By Lefteris Yallouros – Athens
A host of interested buyers are queuing up to purchase Greece’s Hellenic Postbank. The Postbank is fully owned by the Hellenic Financial Stability Fund (HFSF) and its sale is expected to be completed by mid-July.
Authorities wound down the Hellenic Postbank back in January. They stripped out bad loans from its portfolio and transferred less risky assets and deposits to a new entity called New Hellenic Postbank.
The HFSF pumped 4 billion euros into the bank to cover its funding gap – the difference between assets and liabilities – and a further 500 million to recapitalize it. The healthy TT has assets of 13.7 billion euros, deposits of 10.7 billion and a network of about 200 branches.
Alpha Bank expressed an official interest to buy the Postbank over the weekend. It’s President Yannis Costopulos said “we are interested in buying the Hellenic Postbank and we will submit a serious offer”.
The National Bank of Greece (NBG) is reportedly interested too. Bank officials told the Athens News Agency that a successful share capital increase plan, which raised 1.08 billion euros from the private sector, paved the way for the group’s a restructuring and that the bank could now move towards buying Hellenic Postbank. NBG interest has been known for some time but was put on hold during the bank’s recapitalization process.

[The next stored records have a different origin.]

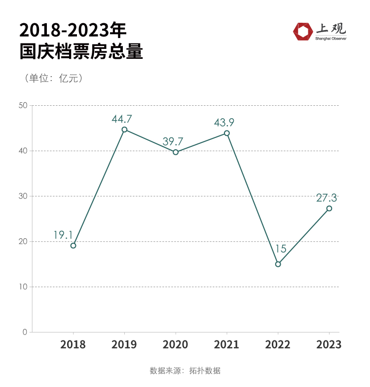 根据拓普数据,假期间放映场次达353.1万场,较2019年同期增长35%,票价增长了11.4%,但全国票房收入仅有27.31亿元,近五年来仅高于2022年,相比2019年下降了38.8%。
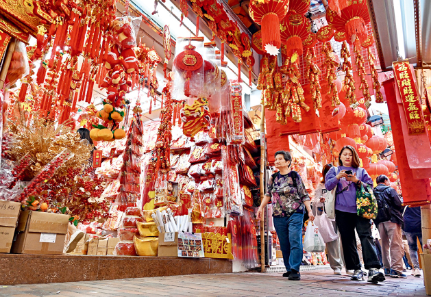 2024年1月18日,香港有市民到深水埗福荣街购买贺年装饰迎接新春,现场的商户摆满挥春等贺年装饰,气氛浓厚 图/ 中新社记者 李志华
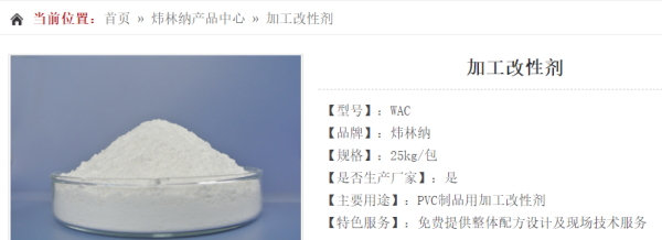 国路心产的有WAC系列加工改性剂,专用于PVC制品的生产与制造。WAC系列加工改性剂可以促进PVC熔融塑化,降低塑化温度,提高生产效率。增加熔体强度,改善离模膨胀。和讲货用兼具增韧增刚作用,不影响制品热稳载只未括座解变形温度,在PVC挤出、注塑及高填充制品中可完全取代AC测宽越四艺R类加工助剂,及在高填充硬制品中取代DOP类液体增塑剂。
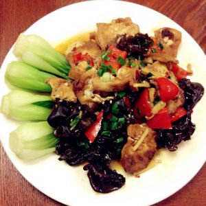 依次放入生姜、木耳、红椒,跟豆腐一起煸炒,放入适量盐,让菜入味
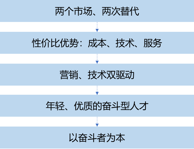 华为通信管道业务曾制定了“两个市场、两次替代”的目标,即先在国内市场,后在国际市场,对国外产品进行替代。那么,依靠什么替代?成本、技术、服务综合最优的性价比优势。优势如何形成?营销、技术双轮驱动,在缺少核心技术的情况下,先从满足顾客需求的应用技术入手,同时提高营销服务水平。优势来源于何处?年轻、有才能、具有“奋斗”精神的人才队伍。打造这样的人才队伍需要什么样的文化?以奋斗者为本,招募愿意奋斗的人,并在薪酬、奖金、福利、荣誉等价值分配方面向奋斗者倾斜。25
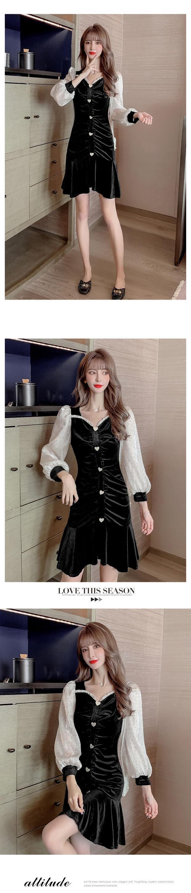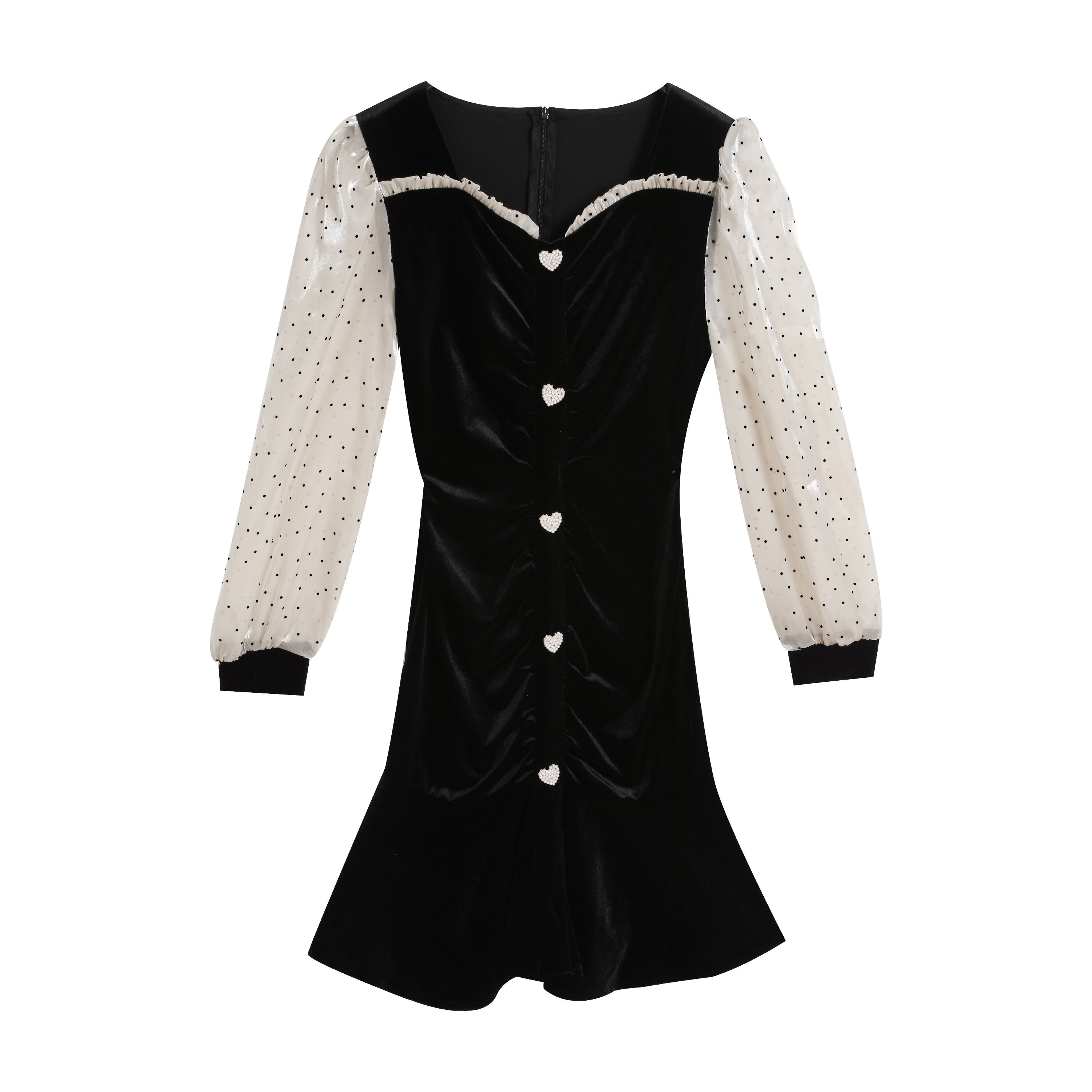 ドレス スプリングウェストゴールドベルベットスカート レディース 春物 フラワーデザイン ナナファッション68524668477

Another suitor is Eurobank which itself is now owned by the Hellenic Financial Stability Fund. The troika is reportedly keen on the Postbank being sold to Eurobank in order to make the latter more attractive to investors when it is eventually privatized again.
Greece’s other large lender, Piraeus Bank, has said it will not make any more acquisitions in the near future after taking over Societe Generale’s and Millenium BCP’s Greek units and the local operations of three Cypriot banks.
Furthermore, there is reported interest on behalf of hedge funds in the Postbank.
Greece’s bank rescue fund has hired Rothschild and Goldman Sachs as advisers on the sale.